Francisco Calheiros começou por direcionar a sua intervenção para o tema do congresso: “Turismo: Que Futuro Queremos?”. Para o dirigente “esta pode ser a pergunta para um milhão de euro”, mas afirma encará-la como “a pergunta para um milhão de desafios. Porque são muitos aqueles que nos esperam”.

O presidente da CTP relembrou os congressistas que “nos últimos quatro anos, o Turismo tem crescido a um ritmo verdadeiramente impressionante, como não há memória no nosso país”, frisando que “de 42 milhões de dormidas em 2013”, Portugal passou para “57 milhões em 2017”, num “aumento de 36% em apenas quatro anos”. E disse mais: “os 9 mil milhões de euros de receitas em 2013 subiram para 15 mil milhões em 2017. Um acréscimo de 67%. Só os empregos diretos no Turismo atingiram, em 2017, os 8,5% do total de emprego em Portugal. O contributo direto do Turismo para o PIB e para as exportações globais chegou aos 6,8% e aos 22%, respetivamente, no ano transato”.

Apesar de todos estes números e acréscimos positivos, Francisco Calheiros alerta: “o Turismo em Portugal atingiu um pico de expansão, que nos obriga a olhar o futuro com responsabilidade e precaução”.

O responsável assegura que “já não se trata apenas de continuar a captar mais turistas para o nosso país, o que de resto não é tarefa menor”. Acredita que é fundamental “assegurar ao Turismo a necessária sustentabilidade, reputação, qualidade, diversidade, inovação e criatividade”.
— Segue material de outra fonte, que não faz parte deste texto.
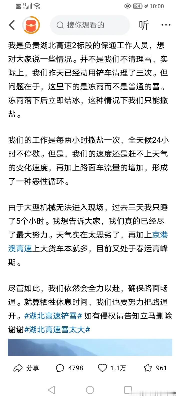 湖北这次积雪大塞车,网友在湖北高速等两天,来了河南救援队帮忙铲雪。湖北网友这两天一直强调不是湖北不作为,而是冻雨难弄 ,没法作为。 很多网友开始质疑:“湖北做不到的事,河南却做到了。” 网友说:这次确实是湖北反应太慢了,天气预报雨雪天气,他们没有引起足够重视,缺乏必要的应急措施和预案,是这次湖北高速出现雪天拥堵,服务没跟上的主要原因。 不是吹河南,河南的主干道、高架路两边每隔二十五米就摆好了成袋的融雪剂,雪一开始下就各方联动及时响应,提前撒盐,四辆 作业车一组,不分昼夜,只要结冰就立马清掉,机械和人工都一起上,根本不给结冰的机会。一晚上连下带刮,第二天早上出行并未受太大影响,而通过的司机也表示,河南路上真看不出雪,一路畅通。 我也看到湖北高速通保工作人员的发言,他们确实真的尽力了,面对网友们的一赞一踩,河南人是这样回复媒体的:“河南并不是要跟谁比,只是我们清清门口的雪,迎接游子回家而已。” 真为河南这次预案充分和响应积极点赞! 这样我想起了郑州720的那场水灾,湖北也奋力支援,这次是河南出手帮湖北了,这又让我看到了民族大团结,都是一家人,有困难一块解决,真好。 希望游子们安全到家。 #评论区出主意大赛# #记录我的2024#

Para o dirigente o novo aeroporto de Lisboa é condição fundamental para o setor continuar a crescer e apontou o dedo ao primeiro-ministro, António Costa, de faltar ao compromisso, estando sempre a adiar uma conclusão definitiva para o processo do Montijo. “Na IV Cimeira do Turismo, em Setembro último, o Primeiro-Ministro garantiu que ‘aguardava unicamente a decisão em matéria de impacto ambiental para poder tornar a decisão da Portela + Montijo absolutamente irreversível’”, relembrou os presentes.

OE 2019 falha propósito

Calheiros defende ainda que “os Orçamentos de Estado (OE) têm, de uma vez por todas, que refletir a importância do Turismo para o desenvolvimento socio-económico do país”, dizendo que “infelizmente” o OE para 2019 também “falhou este propósito”.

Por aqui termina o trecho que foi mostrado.